Seine Vermutung sieht der Umweltschützer dadurch bestätigt, dass sich das an Bord der Wolgoneft 239 verbliebene Öl als schlecht brennbar erwies. Das Heck des Tankers war ans Ufer getrieben, 1482 Tonnen wurden abgepumpt und sollten als Heizöl verkauft werden. Eigentlich sei das Masut aus dem Rosneft-Werk in Saratow gut dafür geeignet, sagt Schkradjuk. Aber die Substanz aus dem Wrack rußte stark, hinterließ viel Asche. „Das spricht dafür, dass es kein gewöhnliches Masut war.“
„Viele Freiwillige leiden unter Schmerzen“
Schkradjuk findet, die freiwilligen Helfer müssten um die Gefahren wissen, die ihnen und ihren Nachkommen drohten.
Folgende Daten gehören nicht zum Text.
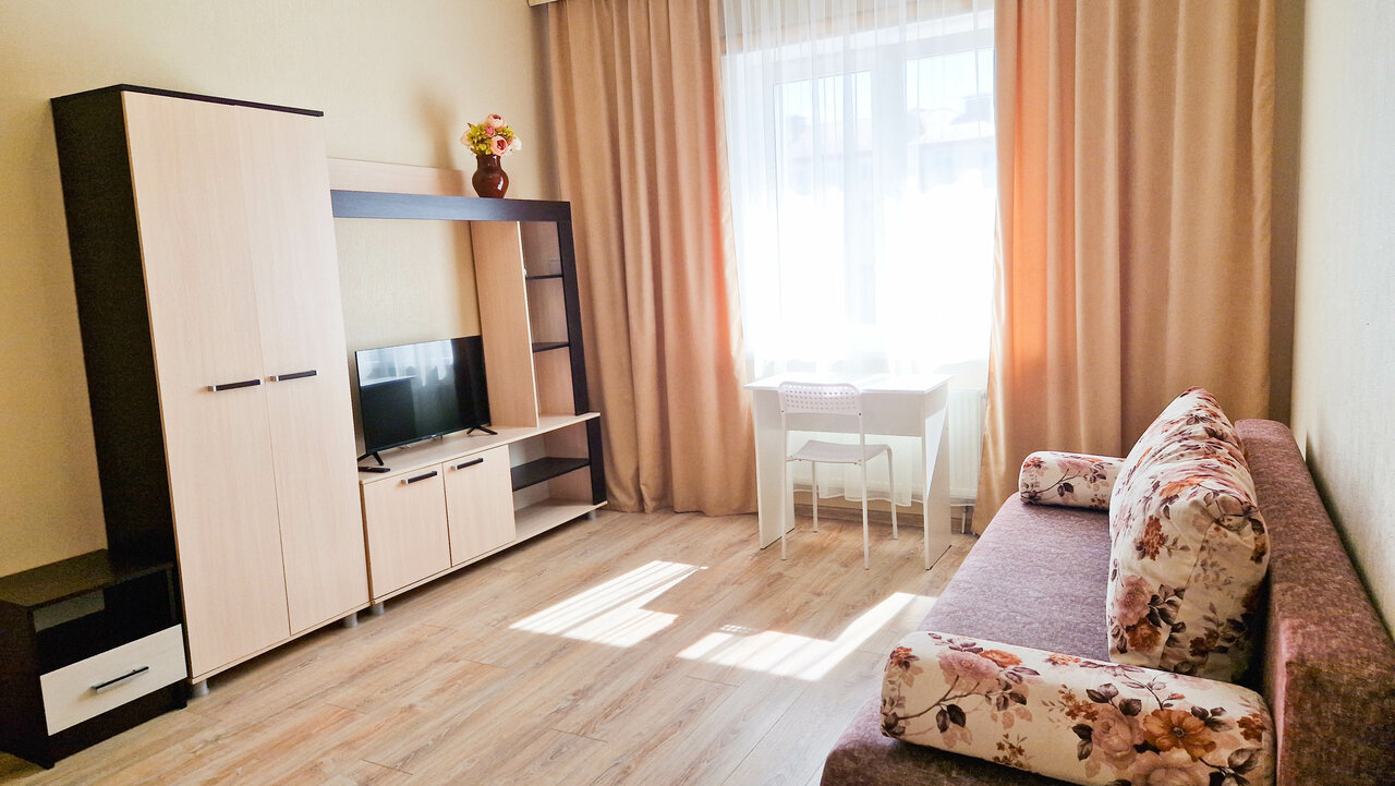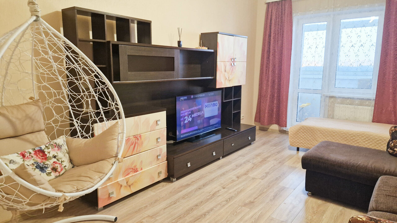 Представляем вашему вниманию уютную 1-комнатную квартиру с большим телевизором в новом доме капитального исполнения.Это отличный вариант для командированных!

Aber einige zögen nicht einmal ihre Masken und Schutzhandschuhe an. Bei manchen zeigten sich Hautreaktionen, berichtet Schkradjuk. Seevögel zeigten Störungen des Nervensystems. In ihrem Blut ging die Anzahl roter Blutkörperchen zurück, die den Sauerstoff transportieren. Es droht Anämie, Sauerstoffmangel. Schkradjuk weiß auch, dass sich bei einer Person, die über längere Zeit half, ölverschmierte Seevögel zu reinigen, der Anteil der roten Blutkörperchen mehr als halbiert habe. „Eine solche Gesundheitsänderung ist schwer zu korrigieren“, sagt er. Die Vögel werden in Auffangstationen gereinigt, auch die Behörden verbreiten solche Bilder. Aber die Menschen? „Leider wird die Gesundheit der Freiwilligen und der Anwohner nicht systematisch untersucht“, sagt Schkradjuk.
Im Januar starb ein 17 Jahre alter Student aus Anapa, der von seiner Hochschule zu Aufräumarbeiten herangezogen worden war. Herzversagen, hieß es offiziell. Zudem wurde verbreitet, der Junge habe an Asthma gelitten. Seine Mutter, die nach Antworten sucht, wies das in Gesprächen mit unabhängigen Medien zurück; die staatlichen sagten ihr, das Thema sei bei ihnen verboten. Ende Februar starb auch ein Taucher des Katastrophenschutzes, dessen Leute Masut vom Meeresboden klauben, im Einsatz. Schkradjuk weiß von Freiwilligen, die stark zu husten begannen.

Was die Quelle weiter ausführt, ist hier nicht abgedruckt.